Description of the task >> Give back the data exactly, with no images.

Stored data >>
══════════
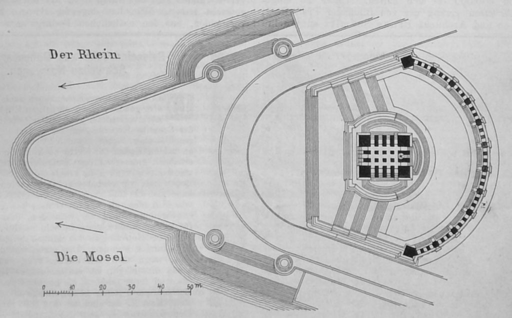 Wir glauben, dass alle Betheiligten und nicht zum letzten die Angehörigen der deutschen Kunst, Ursache haben, sich dieses siegreichen Erfolges von Herzen zu freuen. Den grössten Dank schuldet den beiden Meistern freilich die Stadt Koblenz. Denn durch den Besitz dieses Denkmals, das nicht nur die Ansicht von Rhein und Mosel her, sondern auch den Blick von den breiten, vermuthlich theilweise mit Gartenanlagen zu schmückenden Kaiflächen an beiden Flüssen beherrscht, ist sie mit einem Schlage zu einem künstlerischen Range erhoben worden, an den der bisher von ihr behauptete – trotz aller sonstigen Schätze des Ortes – doch nicht entfernt hinan reichte.
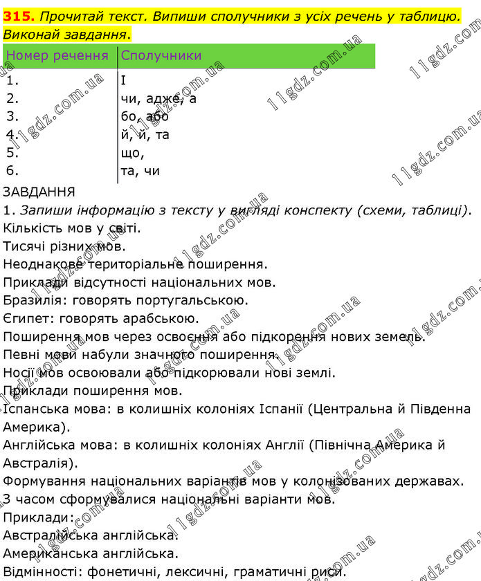 Прочитай текст. Випиши сполучники з усіх речень у таблицю. Виконай завдання. Номер речення Сполучники 1. 2. 3. 4. 5. 6. І чи, адже, а бо, або й, й, та що, та, чи ЗАВДАННЯ 1. Запиши інформацію з тексту у вигляді конспекту (схеми, таблиці). Кількість мов у світі. Тисячі різних мов. Неоднакове територіальне поширення. Приклади відсутності національних мов. Бразилія: говорять португальською. Єгипет: говорять арабською. Поширення мов через освоєння або підкорення нових земель. Певні мови набули значного поширення. Носії мов освоювали або підкорювали нові землі. Приклади поширення мов. Іспанська мова: в колишніх колоніях Іспанії (Центральна й Південна Америка). Англійська мова: в колишніх колоніях Англії (Північна Америка й Австралія). Формування національних варіантів мов у колонізованих державах. З часом сформувалися національні варіанти мов. Приклади: Австралійська англійська. Американська англійська. Відмінності: фонетичні, лексичні, граматичні риси.
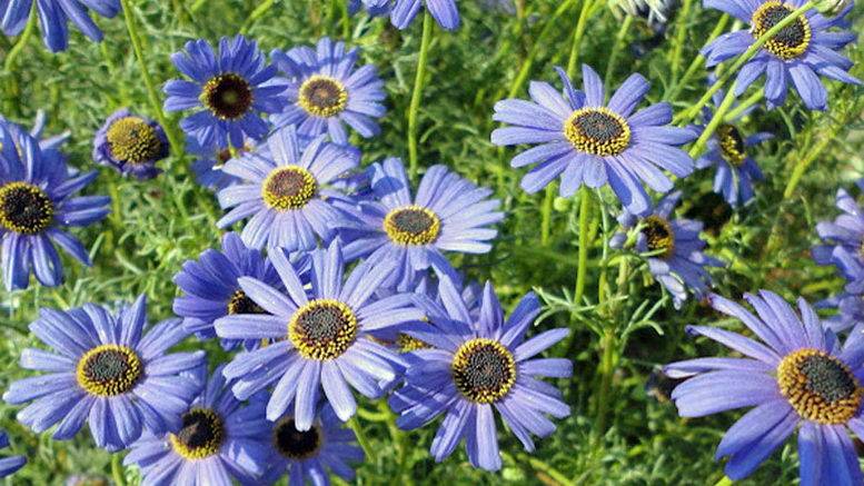 - Stella blu. Questo è un brachicoma blu. È un raccolto rampicante che ha gemme di canna blu brillante.
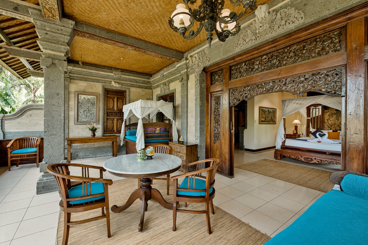 Amidst lush gardens, feel at home in this luxurious space. Facilities include a writing desk, dressing room, mini-fridge and coffee/tea maker. A spacious garden bathroom includes a bathtub and shower. Ideal for couples, singles, friends or families enjoying a luxurious Balinese experience. Enjoy relax time at the private pool shared with the upper level Gangga Suite.
══════════
Response to this exercise >>
 Wir glauben, dass alle Betheiligten und nicht zum letzten die Angehörigen der deutschen Kunst, Ursache haben, sich dieses siegreichen Erfolges von Herzen zu freuen. Den grössten Dank schuldet den beiden Meistern freilich die Stadt Koblenz. Denn durch den Besitz dieses Denkmals, das nicht nur die Ansicht von Rhein und Mosel her, sondern auch den Blick von den breiten, vermuthlich theilweise mit Gartenanlagen zu schmückenden Kaiflächen an beiden Flüssen beherrscht, ist sie mit einem Schlage zu einem künstlerischen Range erhoben worden, an den der bisher von ihr behauptete – trotz aller sonstigen Schätze des Ortes – doch nicht entfernt hinan reichte.
 Прочитай текст. Випиши сполучники з усіх речень у таблицю. Виконай завдання. Номер речення Сполучники 1. 2. 3. 4. 5. 6. І чи, адже, а бо, або й, й, та що, та, чи ЗАВДАННЯ 1. Запиши інформацію з тексту у вигляді конспекту (схеми, таблиці). Кількість мов у світі. Тисячі різних мов. Неоднакове територіальне поширення. Приклади відсутності національних мов. Бразилія: говорять португальською. Єгипет: говорять арабською. Поширення мов через освоєння або підкорення нових земель. Певні мови набули значного поширення. Носії мов освоювали або підкорювали нові землі. Приклади поширення мов. Іспанська мова: в колишніх колоніях Іспанії (Центральна й Південна Америка). Англійська мова: в колишніх колоніях Англії (Північна Америка й Австралія). Формування національних варіантів мов у колонізованих державах. З часом сформувалися національні варіанти мов. Приклади: Австралійська англійська. Американська англійська. Відмінності: фонетичні, лексичні, граматичні риси.
 - Stella blu. Questo è un brachicoma blu. È un raccolto rampicante che ha gemme di canna blu brillante.
 Amidst lush gardens, feel at home in this luxurious space. Facilities include a writing desk, dressing room, mini-fridge and coffee/tea maker. A spacious garden bathroom includes a bathtub and shower. Ideal for couples, singles, friends or families enjoying a luxurious Balinese experience. Enjoy relax time at the private pool shared with the upper level Gangga Suite.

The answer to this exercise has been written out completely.